Then philosophy and policies change, then comes more violence, then more new ideas.
This cycle is partly what led the Constitutional Convention to craft a living document that
could change with the times. History is often punctuated with the phrase, “Events
exploded. . .” Then thinkers reflect and write down what the human race should have
learned. The human race, however, often doesn’t.
Geniuses help. Hamilton still acted as the director to the stage show of the first
presidency. He urged Washington to take a national tour to court the “friends of the
government” in the various states. This trip was the first example of presidential
patronage as Washington went about the country in a coach drawn by white horses
removing his large frame from time to time to bow at supporters. Then, events exploded.
The component of Hamilton’s fiscal plan that sparked the most ire in the west was
the excise tax on whiskey. Whiskey was consumed by nearly everyone, including
ministers and children (for medicinal purposes?). This distilled form of corn was in such
prevalent use that it served as a form of currency in bartered arrangements on the frontier.
Farmers on the frontier found it much easier to bring jugs of whiskey over the mountains
to market than wagonloads of corn. Hamilton found the perfect source of federal
revenue, but some historians credit him with finding the perfect opportunity to punish
economic transactions operating apart from his currency and to show off the military
strength of the new government by provoking a rebellion. Whether he was that ingenious
is debatable, but he did get a rebellion. Backwoods farmers in western Pennsylvania
mounted an insurrection against the tax in 1794.

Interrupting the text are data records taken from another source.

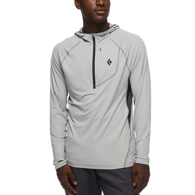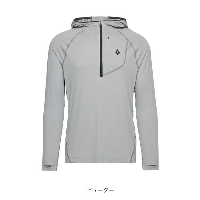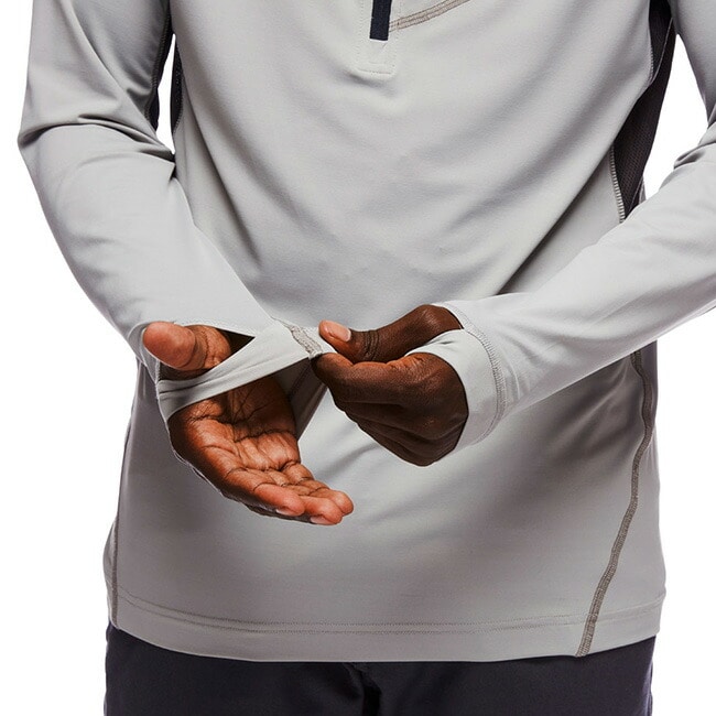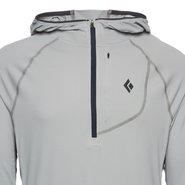 体温調節が容易な1/4ジッパーや脇下にメッシュパネル、隠し胸ポケット、親指ループ、ヘルメットと互換性のあるフードを備えており多様なシーンでパフォーマンスを発揮します。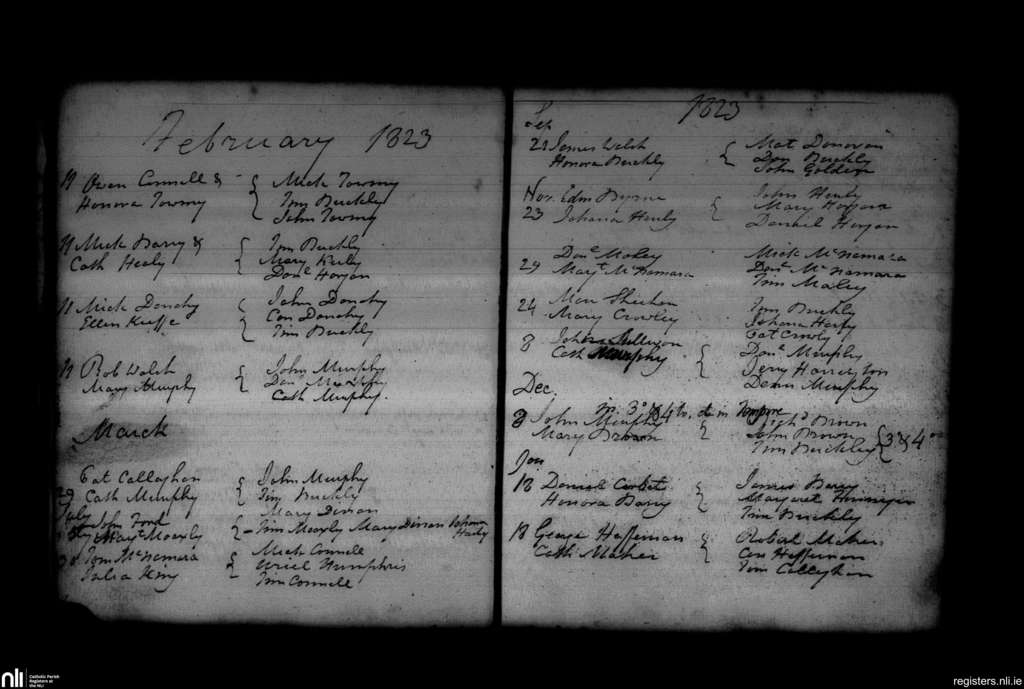 Blarney; County of Cork; Diocese of Cloyne. Marriages, Feb. 1823 to Jan. 1824
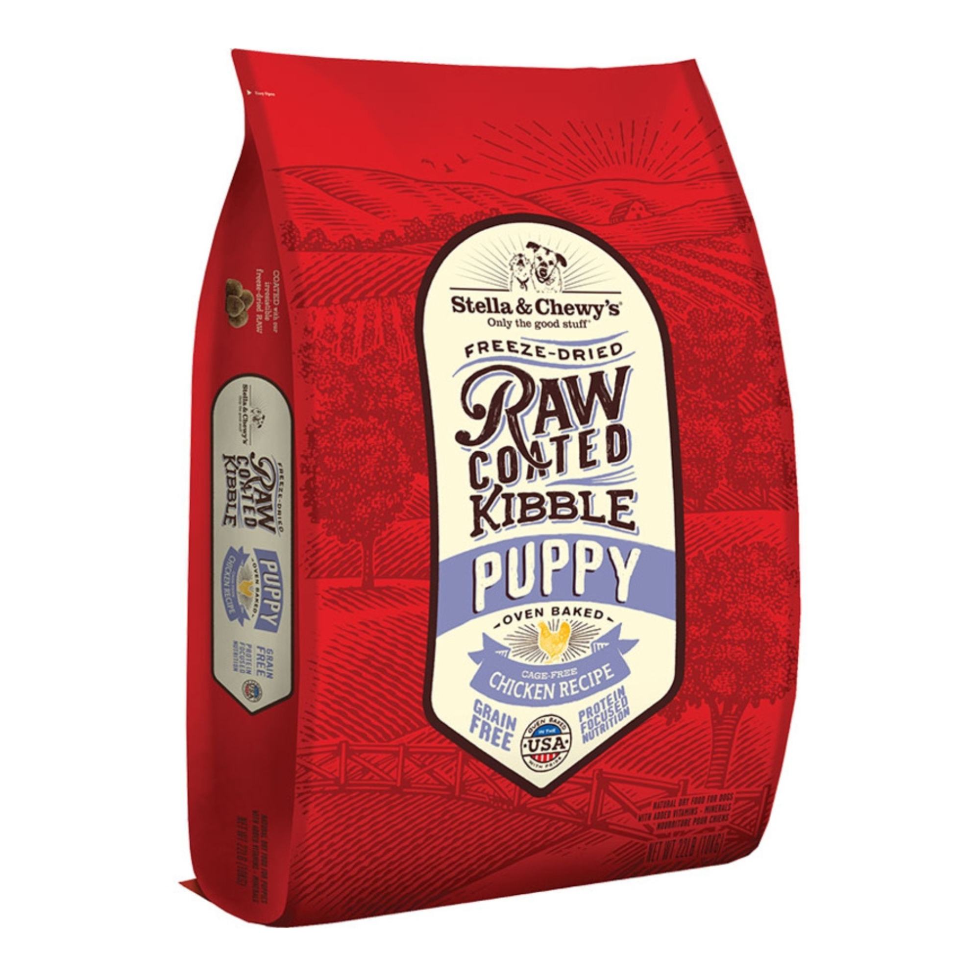 Give your puppy a healthy start in life with Stella & Chewy’s Raw Coated Cage-Free Chicken Recipe Puppy Grain-Free Dry Dog Food. This high-protein kibble is specially designed for growing puppies, with a gentle freeze-dried raw coating to support their healthy development. Made with organic fruits and vegetables, added taurine, and probiotics, this recipe promotes optimal digestion for your little one. Plus, the abundance of omega fatty acids will give your puppy healthy skin and a shiny coat. Proudly made in the USA, this food is the perfect choice for pet parents who want the best for their furbaby.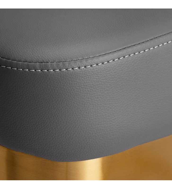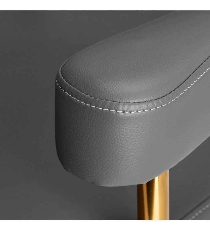 Fotel wypełniony jest pianką, która jest trwała i nie odkształca się, zapewniając komfortowe użytkowanie przez długi czas. Obicie wykonane jest z przyjemnej w dotyku imitacji skóry o specyficznej strukturze. Dzięki użyciu takiego materiału, sprzęt jest odporny na wilgoć, wytrzymały i łatwy w czyszczeniu. Pokrycie w odcieniach szarości oraz ozdobne powierzchnie metalowe lakierowane w barwach złota nadają mu wyraz ponadczasowej elegancji. Wyróżnia go gustowne wykończenie, które nadaje mu ekskluzywny charakter i sprawia, że będzie doskonale prezentować się w wielu profesjonalnych salonach.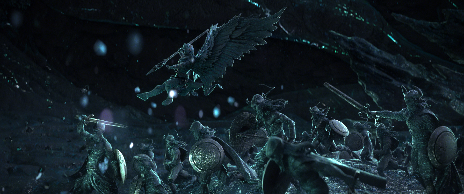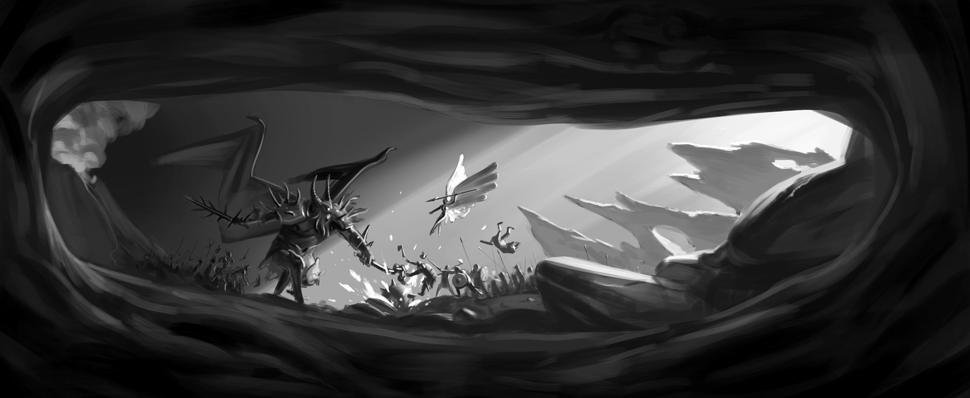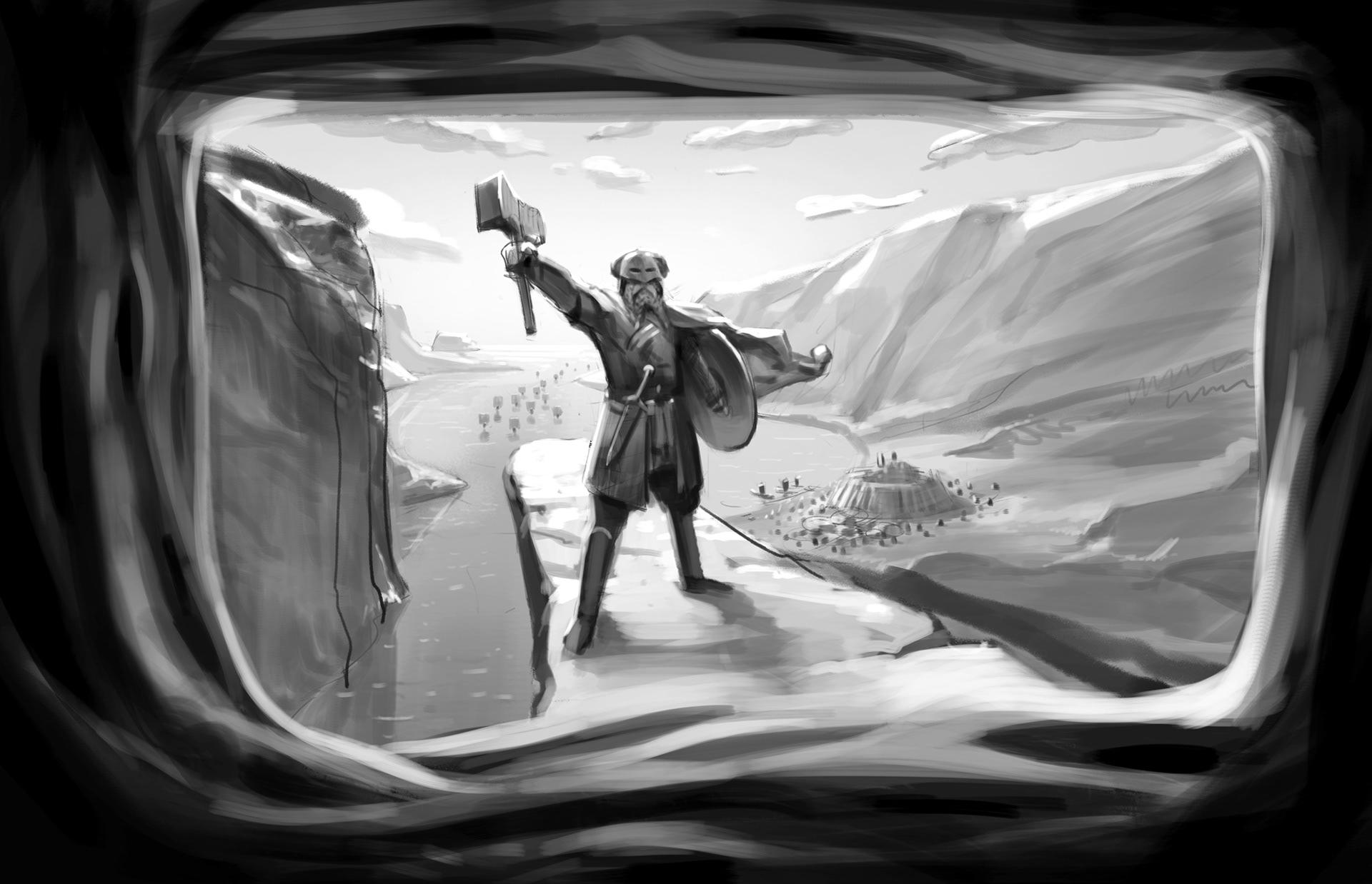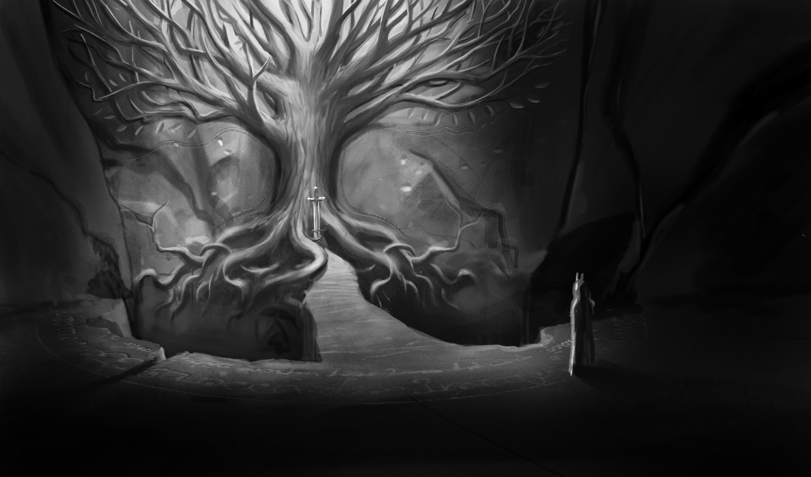 Once our story is told, it appears in its entirety by forming a large engraved fresco at the center of which we find “the Sword of the Realms.”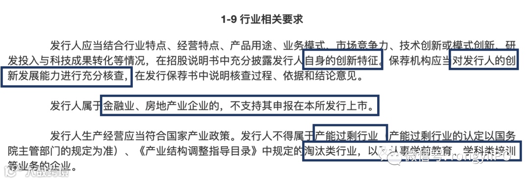 在北交所上市审核核心文件《北京证券交易所向不特定合格投资者公开发行股票并上市业务规则适用指引第1号》中对行业进行明确要求,多次提及对企业创新能力的重点审核,另外对五大类行业进行明确上市限制: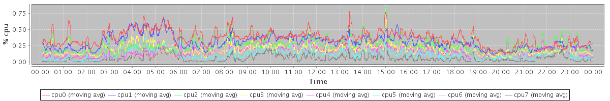avg(cpu0) = 0.17 avg(cpu1) = 0.18 avg(cpu2) = 0.09 avg(cpu3) = 0.11 avg(cpu4) = 0.07 avg(cpu5) = 0.07 avg(cpu6) = 0.05 avg(cpu7) = 0.05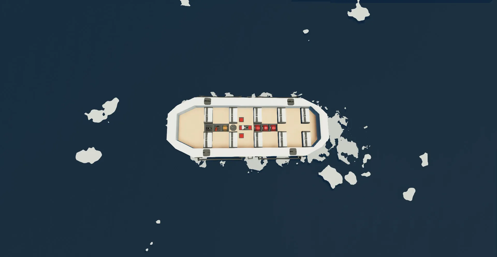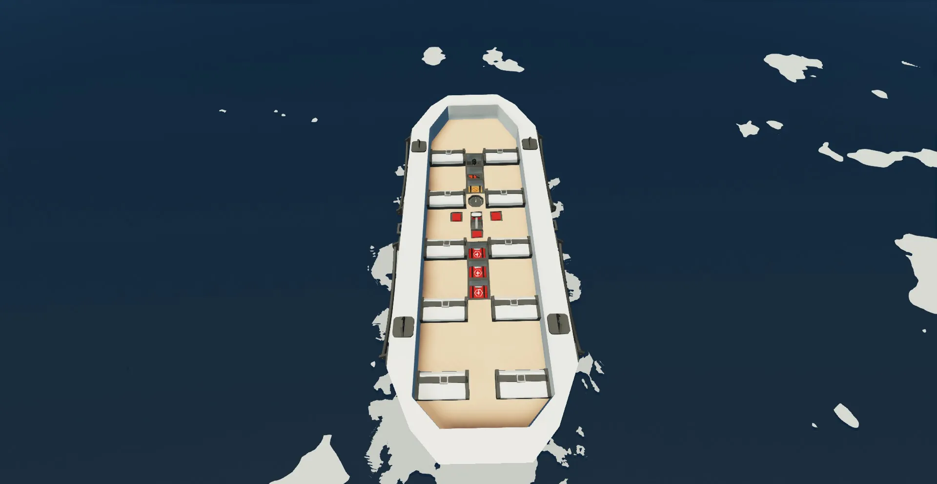 use the ropes that are already on the ship and connect them to the connected via other rope connections I recommend that you use a large boom system to keep the life boat from staying on the connecting ship to long after it sinks, a larger boom can also provide a better way of releasing the life boat as the boom can extend from the connected ship to release the life boat from the connecting ship directly into the water.

Washington ordered them to cease, then mustered 15,000 troops to make them
cease. A bizarre fact is that both Hamilton and Washington donned their old
Revolutionary War uniforms and actually accompanied the troops west. This event is the
only instance where a president took the field with troops on their way to battle. When
the militia from VA, MD, NJ, and PA, arrived in the location of the Whiskey Rebellion,
the farmers had dispersed. The new government proved it wasn’t going to have difficulty
controlling unrest, and America became accustomed to the very thing they despised when
the British employed one, a standing army. A move was made in Congress to limit the
size of the standing army to 3,000 men, but Washington said he would agree to that only
if Congress also passed a law preventing a foreign nation from attacking the United
States with more than 1,500 men. In the end Hamilton kept his excise tax and,
presumably, his uniform in case he would ever need it again.
Three other sources of danger were also surmounted by 1795. The first source of
danger was the Indian tribes in possession of English and Spanish munitions and, well,
whiskey. Indians had crushed an amateur army under Arthur St. Clair in the West in
1791 inflicting nearly 50% casualties (900/2000 soldiers killed or wounded). So
Washington made more use of a professional, standing army by sending General “Mad”
Anthony Wayne west to do more than stand. In 1794, Wayne’s forces crushed Indian
resistance at the Battle of Fallen Timbers on the west coast of Lake Erie. This campaign
led to the first of three significant treaties you need to know from 1795, the Treaty of
Greenville. Dozens of Indian tribes were forced to sign the treaty and give up much of
the Ohio River Valley. The document itself is a poignant collection of figures of turtles
and deer heads and other symbols from nature that represented the signature of the
defeated chiefs. The American government had now quelled a rebellion and protected
it’s settlers on the frontier.
The other two treaties were, you guessed it, with Britain and Spain. Jay’s Treaty
of 1795 was negotiated by John Jay and revisited the Treaty of Paris of 1783. Jay got the
British to recognize our land claims and their soldiers to evacuate their forts around the
Great Lakes. In return, he pledged the help of the American government in getting
Americans to pay back the loans they had borrowed from British banks but refused to pay
since the War for Independence was won. The US Constitution did not grant the
government power to do this, but the British probably hadn’t read the Constitution. The
loans remained a sticking point between the two countries until we went to war with our
Mother Country again in 1812.
Pinckney’s Treaty of 1795 with the Spanish addressed the problem of free
navigation of the Mississippi River and especially the right of deposit in New Orleans.
Spain’s empire was experiencing its first signs of decline, and Spain gave up claims to
the Mississippi and to the land of the Mississippi River Valley. These three treaties did
not make the United States a world power, but they finally made the United States an
American power and consolidated control over our territory. To acquire world-power
status we needed greater commercial strength and military might, especially a navy.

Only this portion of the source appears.